In his Thursday order, Judge Calabrese spoke to Ceres' reliance on Judge Polster's opinion following Zurich American Insurance Co.'s denial of insurance coverage related to losses the restaurant companies sustained as a result of the pandemic. Judge Polster rebuffed Zurich's argument that tangible structural damage to the restaurants was necessary to satisfy the policy's threshold requirement that business income losses be tied to "direct physical loss of or damage to" property.
According to Judge Calabrese, in both the Ceres and Henderson Road cases, the core issue involves the meaning of the phrase "direct physical loss of or damage to property" in the insurance policy. But while Judge Polster found the language ambiguous and construed it against the insurer, Judge Calabrese said he wasn't persuaded by that reasoning after his "careful review of the plain and ordinary meaning" of the policy language.
Judge Calabrese then pointed specifically to the virus exclusion, saying the Henderson policy's exclusion pertains only to microorganisms.
"Although the parties there debated whether a virus counts as a microorganism, that issue does not arise in this case because the policy here expressly excludes coverage for loss arising, directly or indirectly, from a virus," Judge Calabrese wrote.
However, he did agree with the Henderson decision in one important respect.
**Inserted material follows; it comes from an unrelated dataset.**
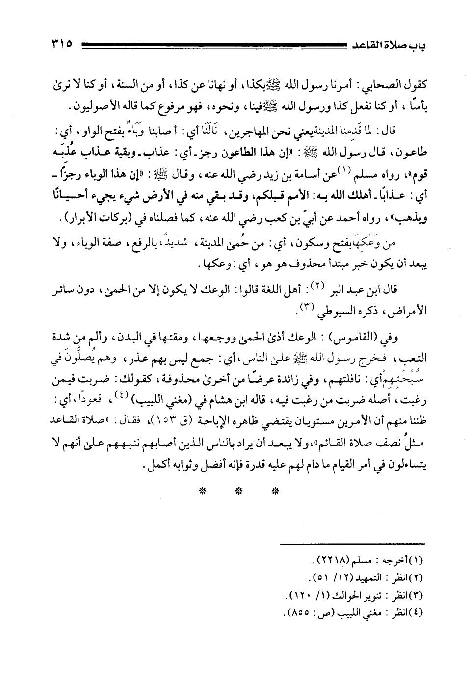 وفي (القاموس): الوعك أذى الحمى ووجعها، ومقتها في البدن، وألم من شدة التعب، فخرج رسول الله - صلى الله عليه وسلم - على الناس، أي: جمع ليس بهم عذر، وهم يُصلُّونَ في سُبْحَتِهِمْ أي: نافلتهم، وفي زائدة عرضًا من أخرى محذوفة، كقولك: ضربت فيمن رغبت، أصله ضربت من رغبت فيه، قاله ابن هشام في (مغني اللبيب) (¬4)، قعودًا، أي: ظننا منهم أن الأمرين مستويان يقتضي ظاهره الإِباحة (ق 153)، فقال: "صلاة القاعد مثلُ نصف صلاة القائم"، ولا يبعد أن يراد بالناس الذين أصابهم ننبههم على أنهم لا يتساءلون في أمر القيام ما دام لهم عليه قدرة فإنه أفضل وثوابه أكمل.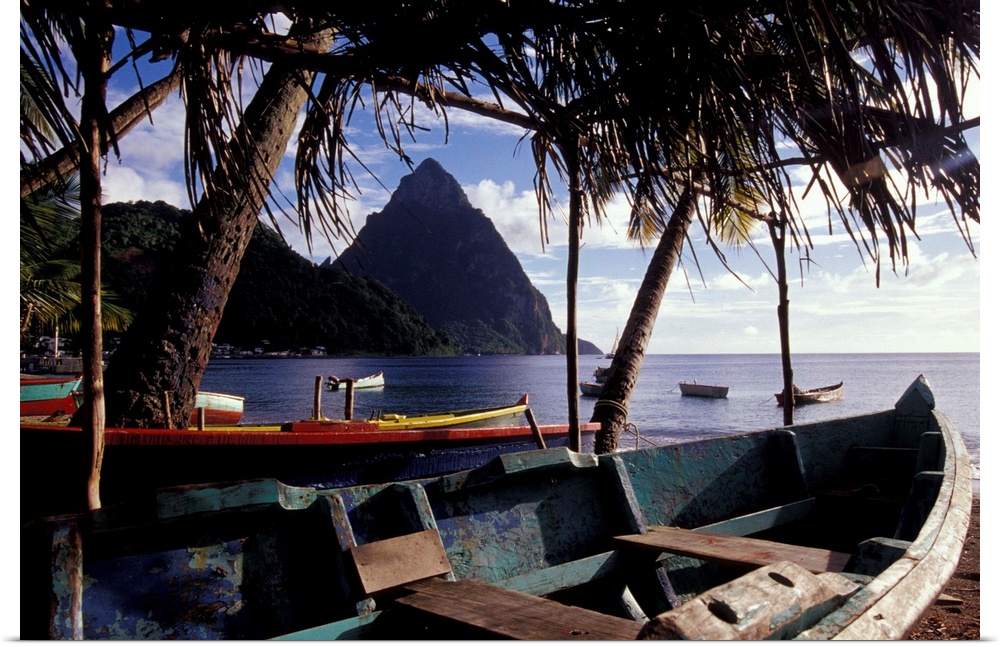 <p>Caribbean, BWI, St. Lucia, Fishing boats and Pitons, Soufriere.</p>

Quoting directly from Judge Polster's opinion, Judge Calabrese mirrored his fellow jurist's sentiment that "the court must look to the plain meaning of the words, not persuasive authority from other courts."
A Travelers spokesman told Law360 on Friday that the company would not comment beyond what is in the public documents in court.
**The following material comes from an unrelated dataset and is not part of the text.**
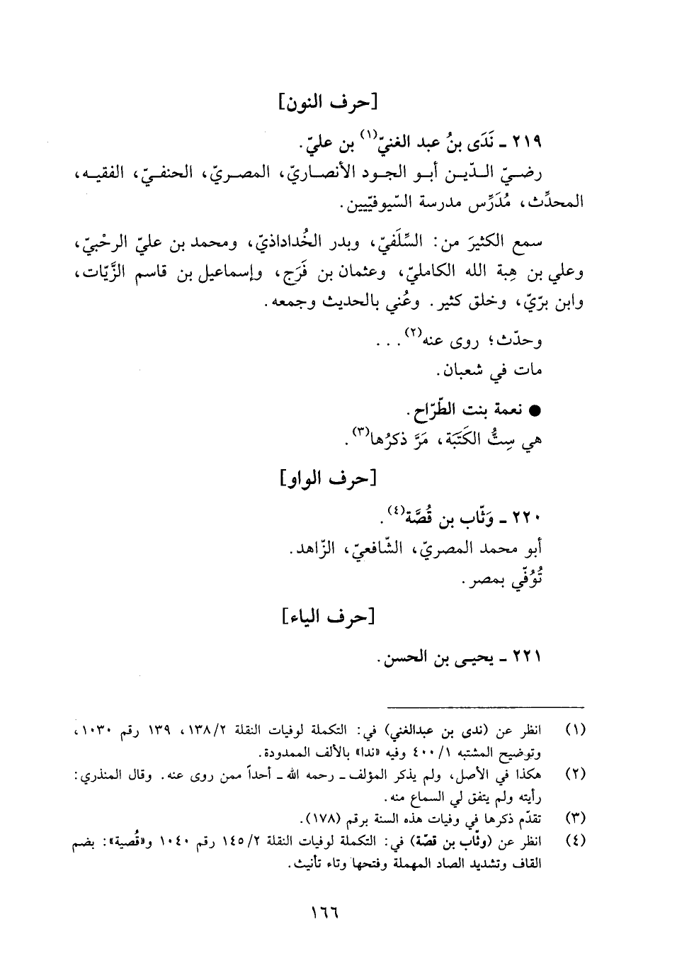 [1] انظر عن (ندي بن عبد الغني) في: التكملة لوفيات النقلة 2/ 138، 139 رقم 1030، وتوضيح المشتبه 1/ 400 وفيه «ندا» بالألف الممدودة.

Representatives for Ceres, the restaurants and Zurich American did not immediately respond Friday to requests for comment.
Ceres is represented by Thomas J. Connick of Connick Law LLC.
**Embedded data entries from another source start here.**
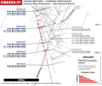 - 5.68 g/t AuEq over 4.9m, incl. 27.8 g/t AuEq over 0.5m (Hole CRSX24-31)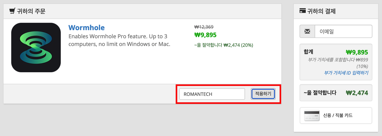 Wormhole 결제 페이지에서 위 코드를 입력하여 적용하면 됩니다. 무료 리딤코드를 사용하신 분은 다음 사람을 위해 댓글을 남겨주세요.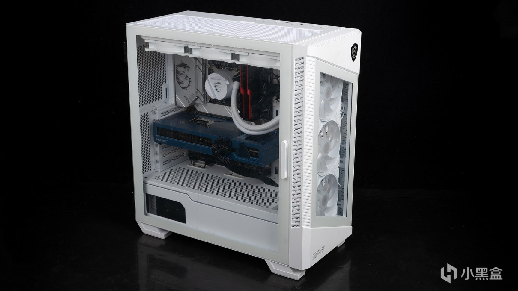 機箱: 使用的是微星MPG VELOX 刀鋒100R白色款,前部預裝三枚120mm ARGB風扇,沒有安裝後置風扇,側面是主流的鋼化玻璃側板,理論上箱內熱量積聚會更多一些,對顯卡散熱是一種更強的考驗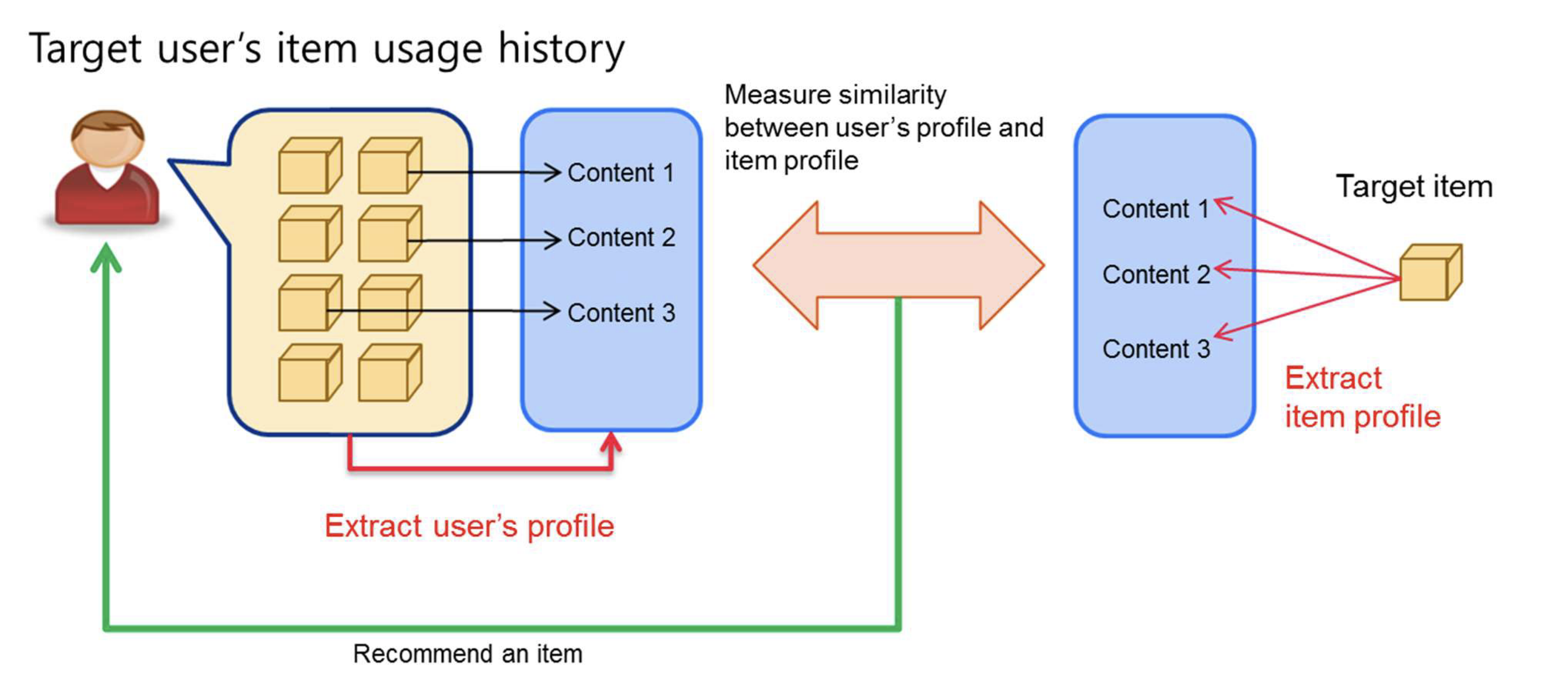 - 과거에 사용자가 구매했던 item list로부터 content를 꺼내서 결합하고, 사용자가 보지 않은 아이템으로부터 추출한 content와 similarity를 비교하여 높은 similarity의 item을 추천한다.

Travelers is represented by Michele A. Chapnick of Gregory & Meyer PC and Stephen E. Goldman, Wystan M. Ackerman and Stephani A. Roman of Robinson & Cole LLP.
The restaurants are represented by Mark R. Koberna, Rick D. Sonkin and Sean T. Koran of Sonkin & Koberna LLC.
Zurich American is represented by Kevin M. Young and Jennifer L. Mesko of Tucker Ellis LLP and Jonathan Gross of Mound Cotton Wollan & Greengrass LLP. Bronwyn F. Pollock, Douglas A. Smith, Debra Bogo-Ernst, Evan T. Tager and Archis A. Parasharami of Mayer Brown LLP also represent the insurer.
Judge Calabrese ruled in the case Ceres Enterprises LLC v. The Travelers Indemnity Co. of America, case number 1:20-cv-01925, in the U.S. District Court for the Northern District of Ohio.
Judge Polster ruled in the case Henderson Road Restaurant Systems Inc. d/b/a Hyde Park Grill et al. v. Zurich American Insurance Co., case number 1:20-cv-01239, in the U.S. District Court for the Northern District of Ohio.